• Exercise requirements
Print all of the data exactly, but drop the pictures.

• Data excerpt

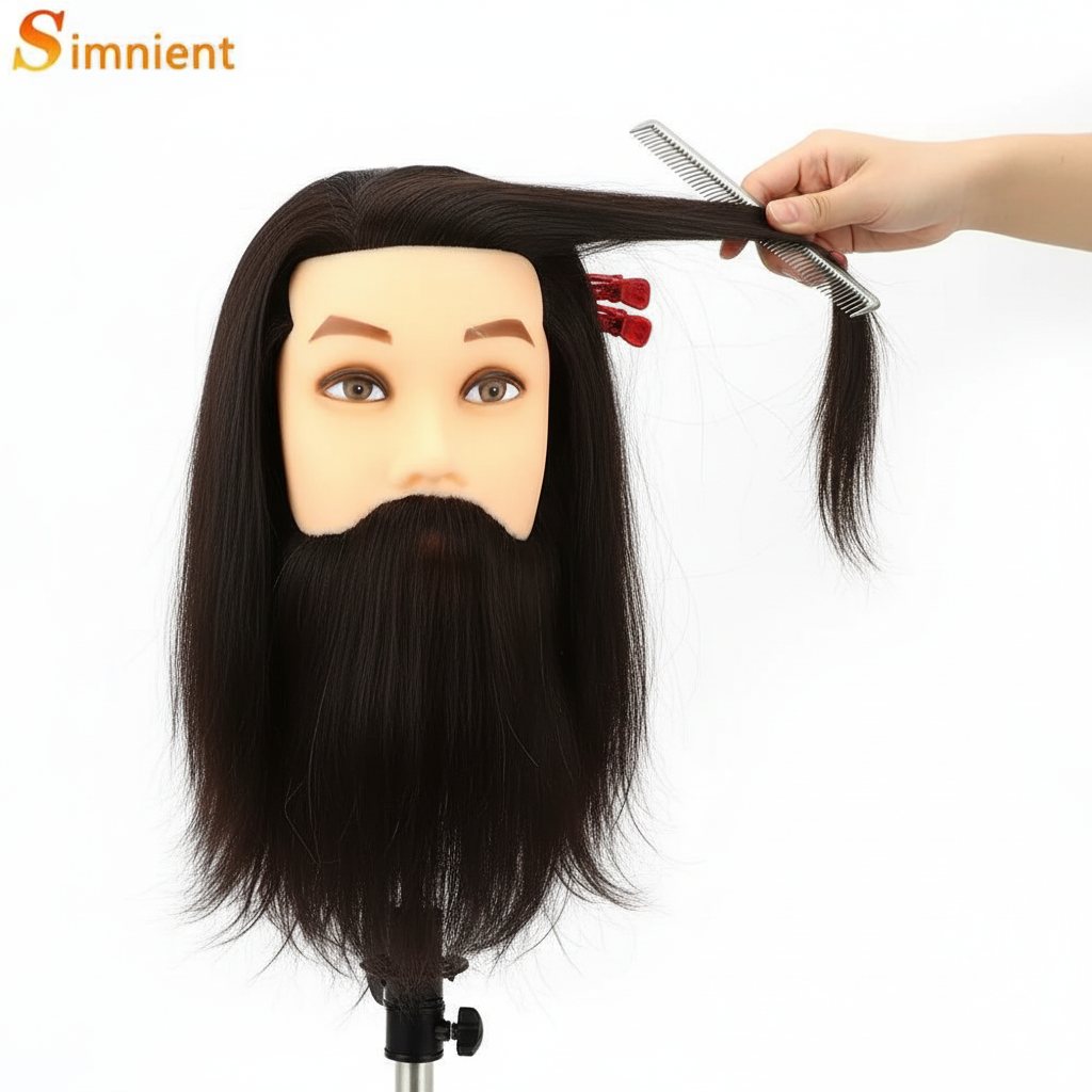 Parfaite pour l'apprentissage et le perfectionnement, cette tête à coiffer mannequin homme avec barbe et cheveux humains offre une expérience de pratique réaliste.
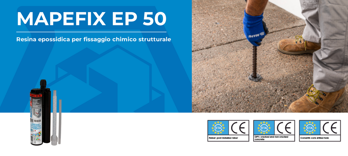 Mapefix EP 50 è un adesivo per il fissaggio chimico di barre metalliche in fori praticati nei materiali edili. È un prodotto a 2 componenti a base di resina epossidica pura senza solventi.
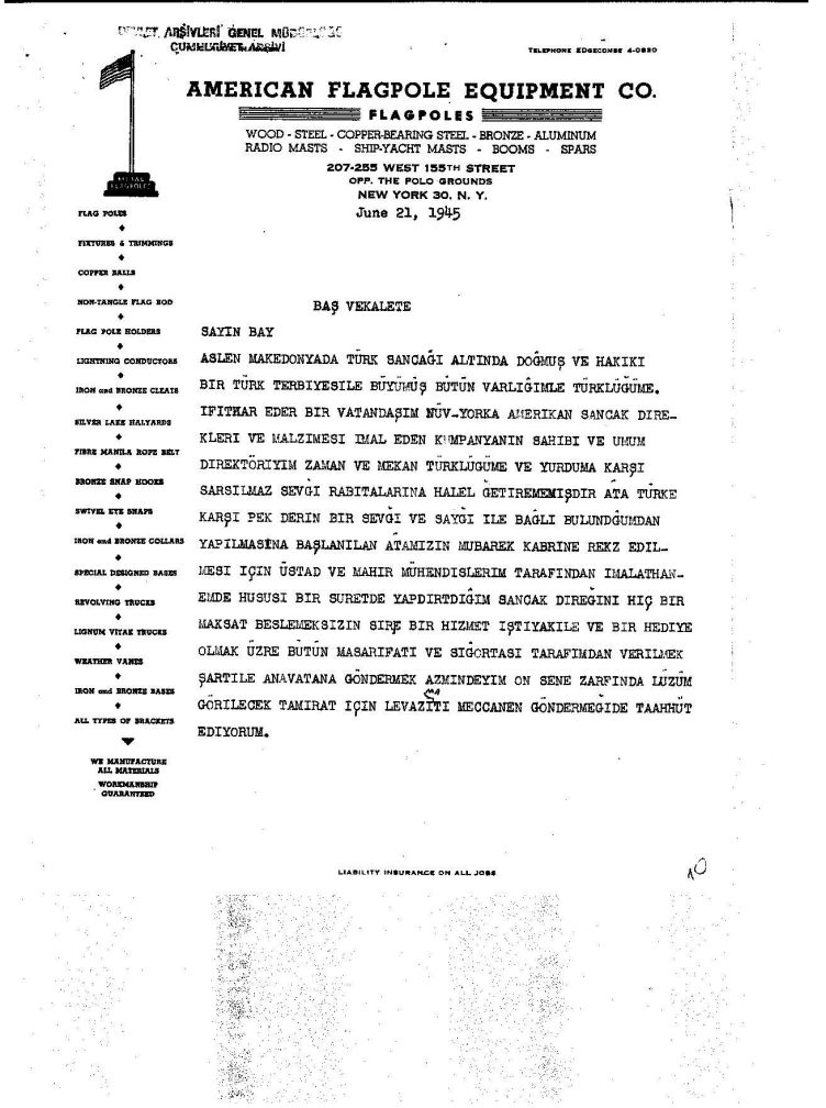 Takvim 21 Haziran 1945’i gösterdiğinde ABD’den başbakanlığa bir mektup gönderildi. Yazan, New York’ta bayrak direği ve malzemeleri imal eden bir şirketin sahibi olan Türk asıllı Nazmi Cemal’di.
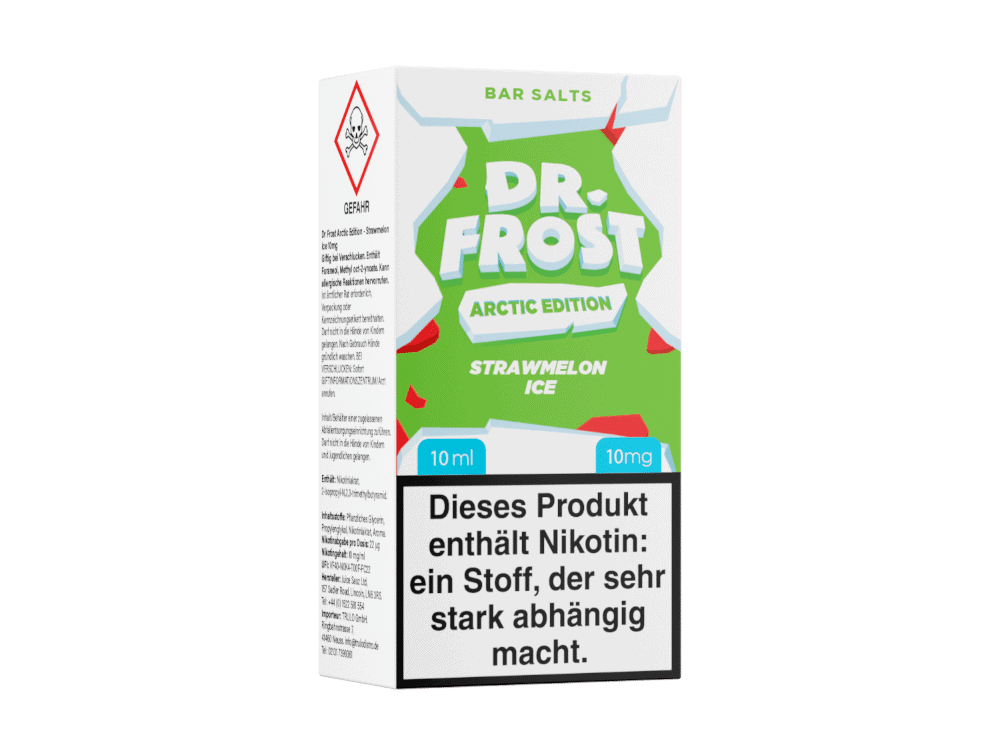 Das Strawmelon Ice Liquid gehört zur beliebten Arctic Edition von Dr. Frost, die für ihre eisigen Fruchtmischungen bekannt ist. Dank der Nikotinsalz-Formulierung genießen Sie ein besonders sanftes Dampferlebnis, das Ihnen eine schnelle und effektive Nikotinaufnahme ermöglicht – ideal für Dampfer, die auf der Suche nach einem sanften, aber intensiven Genuss sind. Erhältlich in den Nikotinstärken 10 mg/ml und 20 mg/ml, können Sie die für Sie passende Nikotinstärke wählen.

• Expected answer
 Parfaite pour l'apprentissage et le perfectionnement, cette tête à coiffer mannequin homme avec barbe et cheveux humains offre une expérience de pratique réaliste.
 Mapefix EP 50 è un adesivo per il fissaggio chimico di barre metalliche in fori praticati nei materiali edili. È un prodotto a 2 componenti a base di resina epossidica pura senza solventi.
 Takvim 21 Haziran 1945’i gösterdiğinde ABD’den başbakanlığa bir mektup gönderildi. Yazan, New York’ta bayrak direği ve malzemeleri imal eden bir şirketin sahibi olan Türk asıllı Nazmi Cemal’di.
 Das Strawmelon Ice Liquid gehört zur beliebten Arctic Edition von Dr. Frost, die für ihre eisigen Fruchtmischungen bekannt ist. Dank der Nikotinsalz-Formulierung genießen Sie ein besonders sanftes Dampferlebnis, das Ihnen eine schnelle und effektive Nikotinaufnahme ermöglicht – ideal für Dampfer, die auf der Suche nach einem sanften, aber intensiven Genuss sind. Erhältlich in den Nikotinstärken 10 mg/ml und 20 mg/ml, können Sie die für Sie passende Nikotinstärke wählen.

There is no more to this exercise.